Проклятие Шалиона - Буджолд Лоис Макмастер. Страница 106
Исель поразмыслила над предложением, затем снова нахмурилась.
— Это получится, только если люди моего дяди пойдут за нами.
— Если мы их поведём, мне кажется, у них просто не будет другого выбора.
— Я надеялась избежать войны, а не начинать её, — вздохнула Исель.
— Ну, тогда имеет смысл не идти в город, набитый войсками канцлера. Что ты на это скажешь? — предложил Бергон.
Исель загадочно улыбнулась, наклонилась и чмокнула его в щёку; Бергон дотронулся до щеки и тоже улыбнулся.
— Мы оба должны принять решение до завтра, — объявила она. — Кэсерил, отправляйте письмо моему брату, как будто мы и не собираемся никуда двигаться из Тариона. При случае мы нагоним его в пути и доставим сами.

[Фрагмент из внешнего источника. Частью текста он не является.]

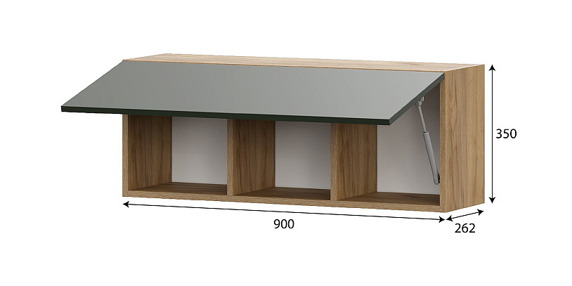 Габариты над полкой 500х111х400мм(ШхВхГ). Под полкой 500х164х400мм(ШхВхГ). Справа и слева от открытой ниши секции, закрытые створками 518х292х400мм (ШхВхГ).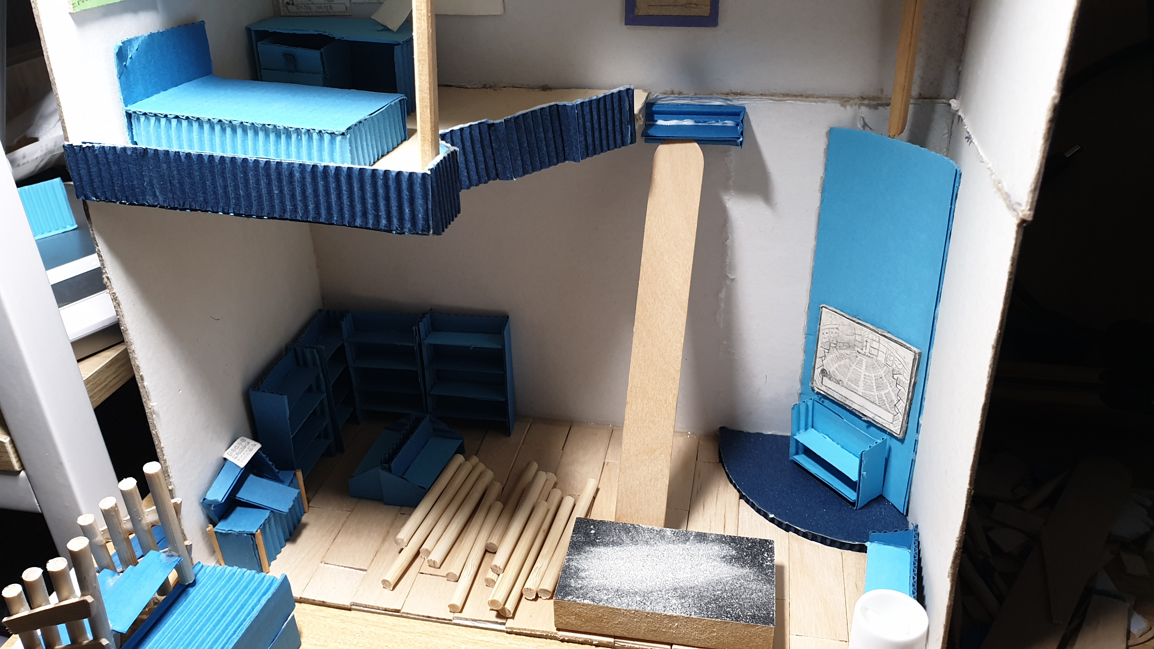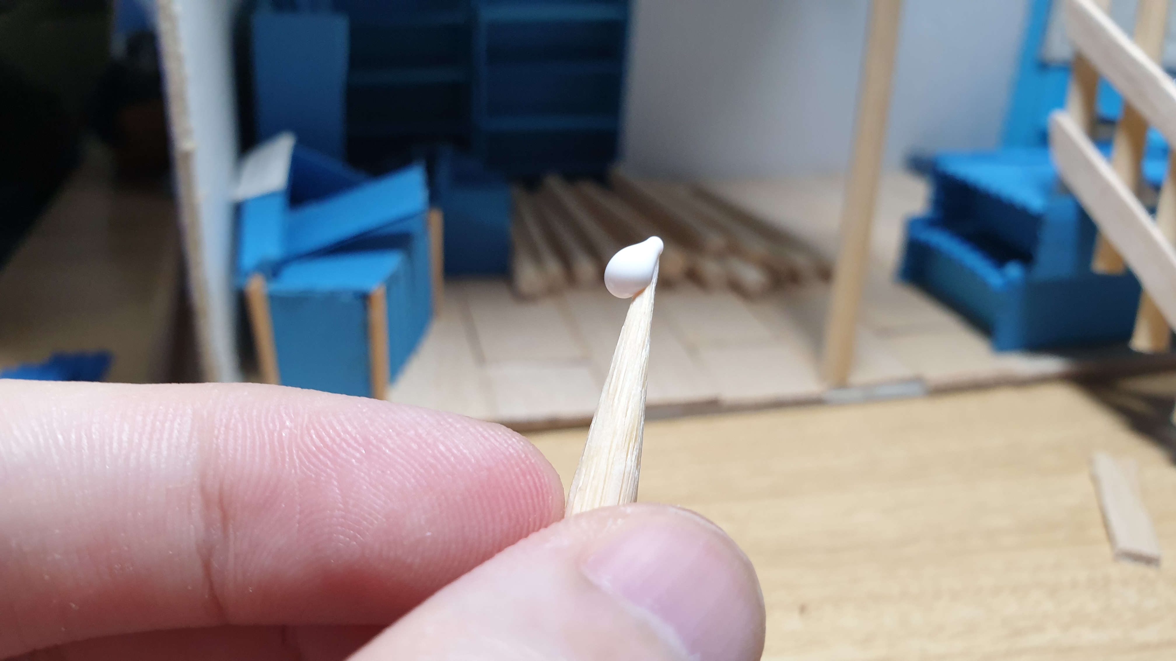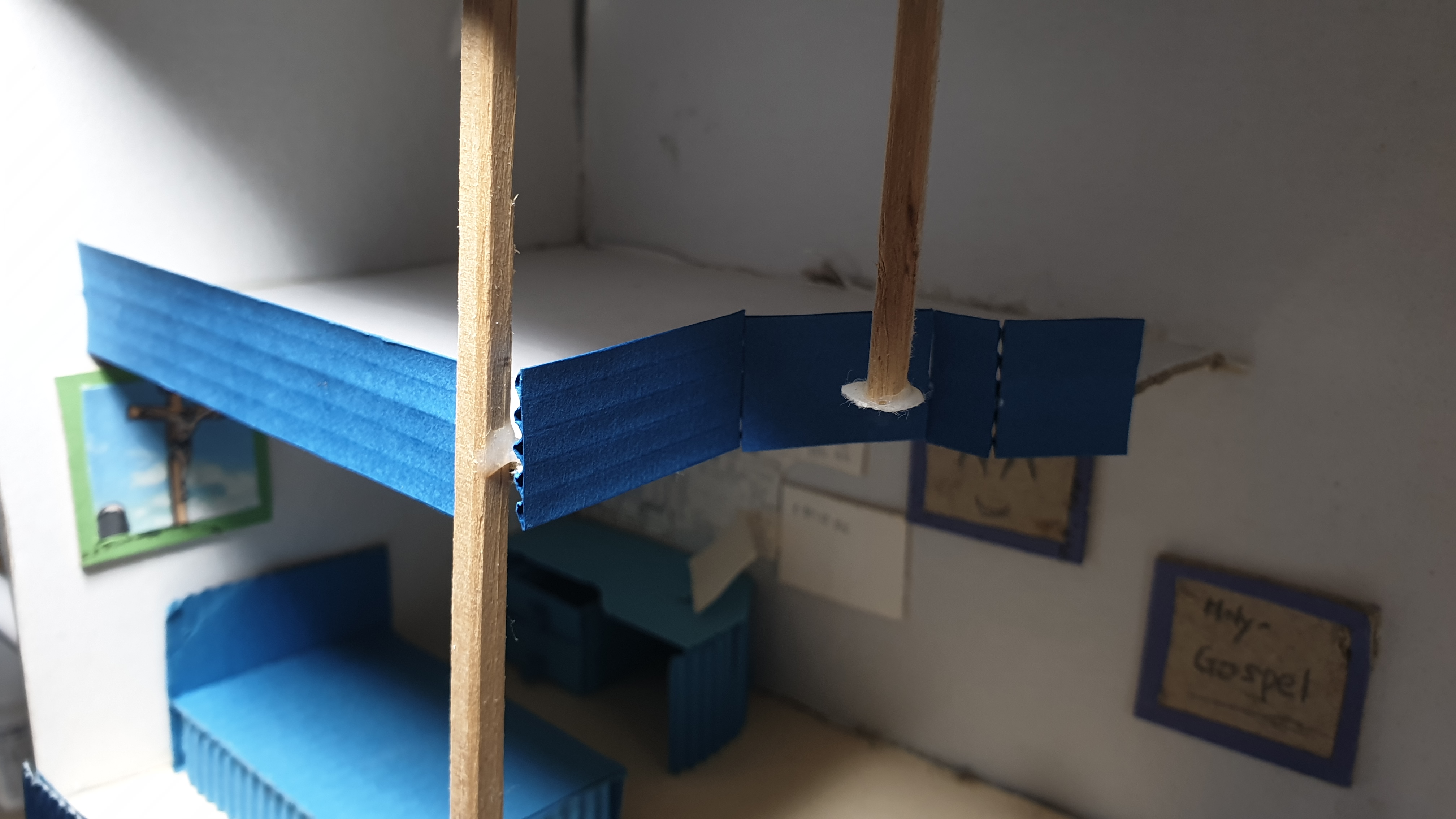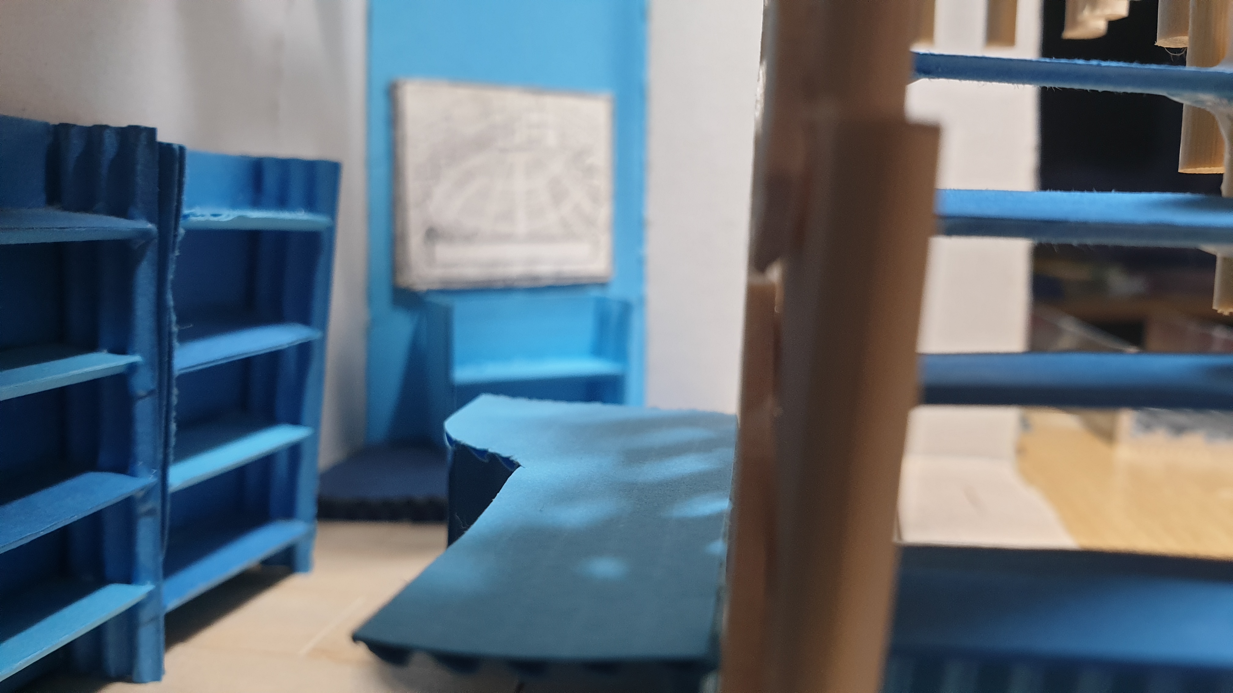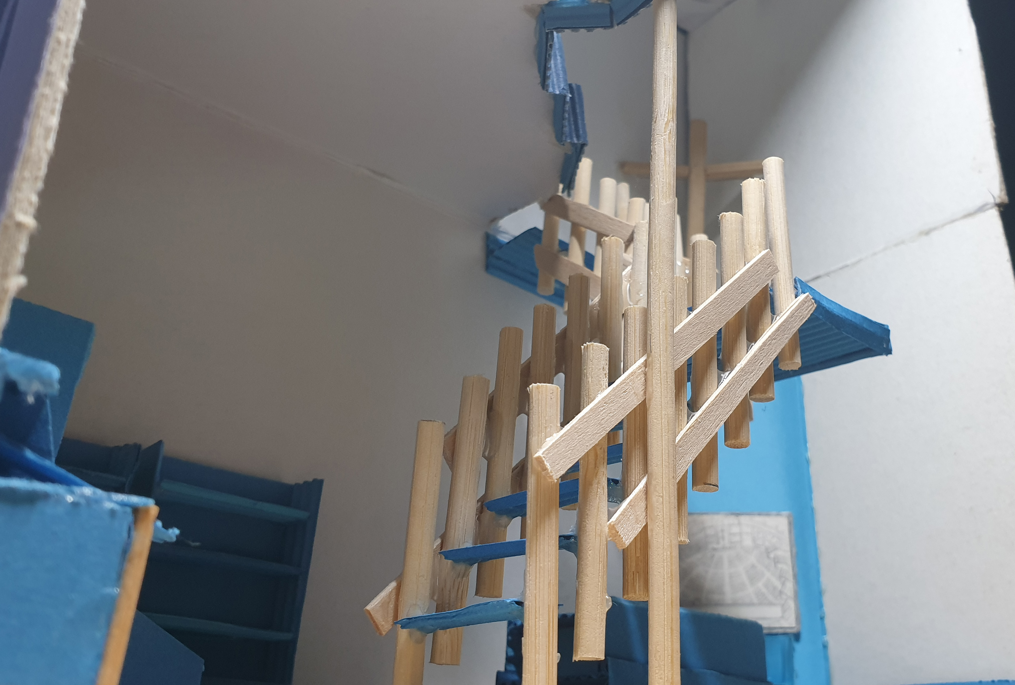 2층에서 1층으로 내려가는 계단도 순간접착제를 이용해 붙여주고 나서 기둥으로 고정해준다. 마를 때까지 주니엘 노래를 들으며 기다리자.

Благодаря помощи ди Баосия и старшего настоятеля Кэсерил не испытывал недостатка в добровольцах — ни в городе, ни в храме, — жаждавших доставить письмо принцессы в Кардегосс. Тех, кто был на стороне молодой пары, становилось всё больше. Не успевшие приехать на свадьбу стекались в город к празднованию Дня Дочери. Молодость и красота притягивают сердца людей, как могущественный талисман; близившийся сезон леди Весны, сезон обновления, стал символизировать для всех начало правления Исель.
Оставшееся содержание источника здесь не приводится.